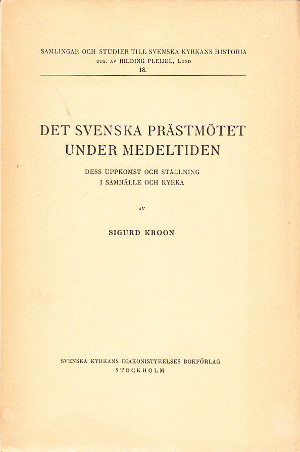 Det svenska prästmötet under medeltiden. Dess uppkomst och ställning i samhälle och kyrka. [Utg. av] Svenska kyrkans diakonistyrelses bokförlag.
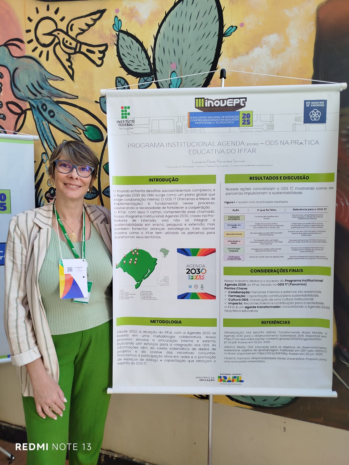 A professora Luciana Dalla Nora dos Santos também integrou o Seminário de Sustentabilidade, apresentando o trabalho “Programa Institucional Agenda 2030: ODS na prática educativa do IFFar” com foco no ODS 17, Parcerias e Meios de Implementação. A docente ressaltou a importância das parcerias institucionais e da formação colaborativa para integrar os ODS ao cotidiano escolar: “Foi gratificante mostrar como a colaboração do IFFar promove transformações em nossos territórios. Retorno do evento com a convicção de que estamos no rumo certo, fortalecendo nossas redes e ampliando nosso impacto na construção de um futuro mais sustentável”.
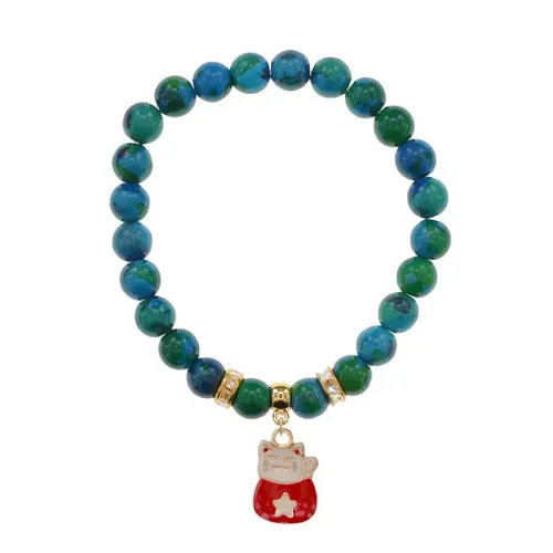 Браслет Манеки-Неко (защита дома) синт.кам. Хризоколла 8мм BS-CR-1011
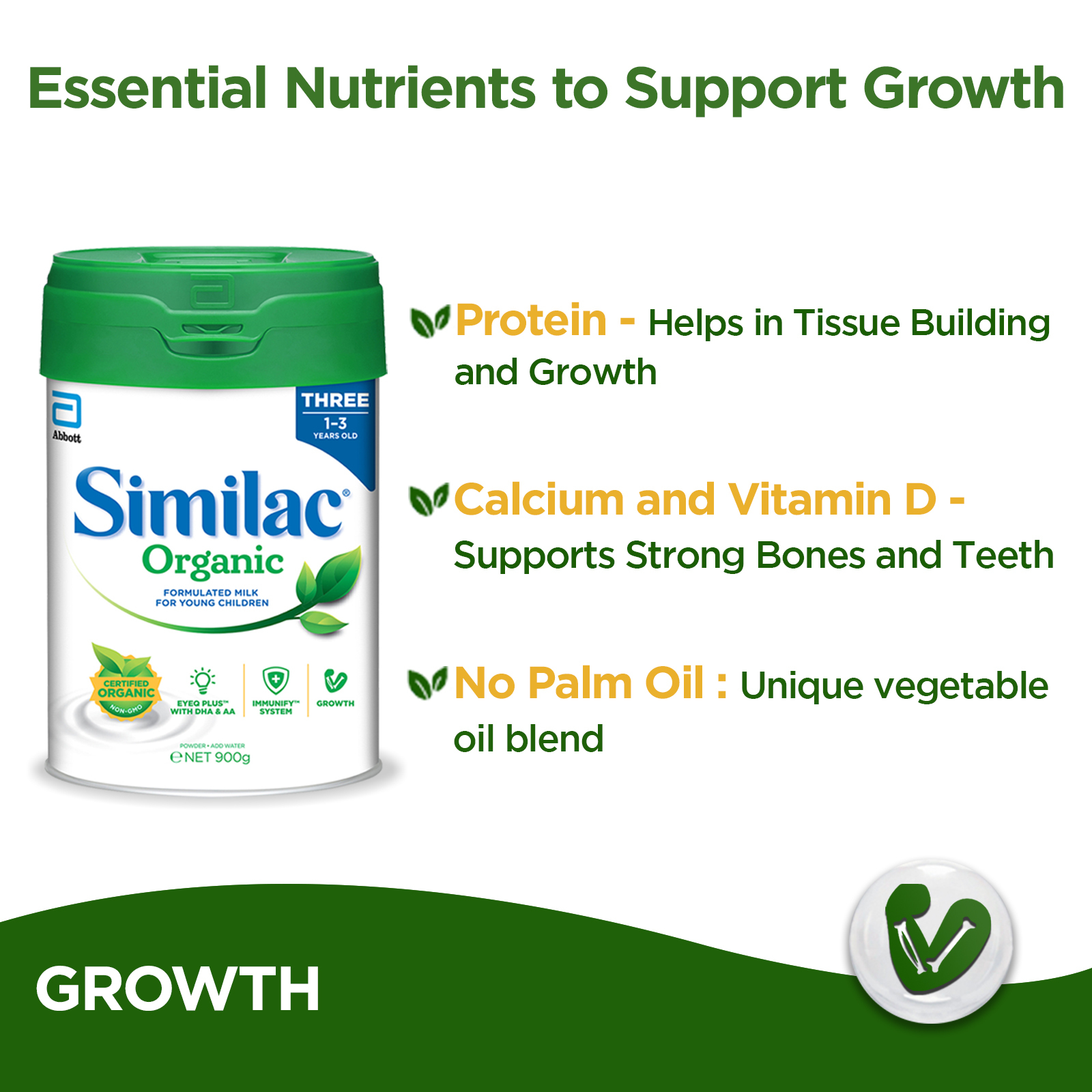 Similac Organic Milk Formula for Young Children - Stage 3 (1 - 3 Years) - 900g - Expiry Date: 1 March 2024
※ ※ ※
* [What is expected]
Pictures stay out. Repeat only the lines from the beginning of the data through the line that has "A professora Luciana".

* [Written solution]
 Det svenska prästmötet under medeltiden. Dess uppkomst och ställning i samhälle och kyrka. [Utg. av] Svenska kyrkans diakonistyrelses bokförlag.
 A professora Luciana Dalla Nora dos Santos também integrou o Seminário de Sustentabilidade, apresentando o trabalho “Programa Institucional Agenda 2030: ODS na prática educativa do IFFar” com foco no ODS 17, Parcerias e Meios de Implementação. A docente ressaltou a importância das parcerias institucionais e da formação colaborativa para integrar os ODS ao cotidiano escolar: “Foi gratificante mostrar como a colaboração do IFFar promove transformações em nossos territórios. Retorno do evento com a convicção de que estamos no rumo certo, fortalecendo nossas redes e ampliando nosso impacto na construção de um futuro mais sustentável”.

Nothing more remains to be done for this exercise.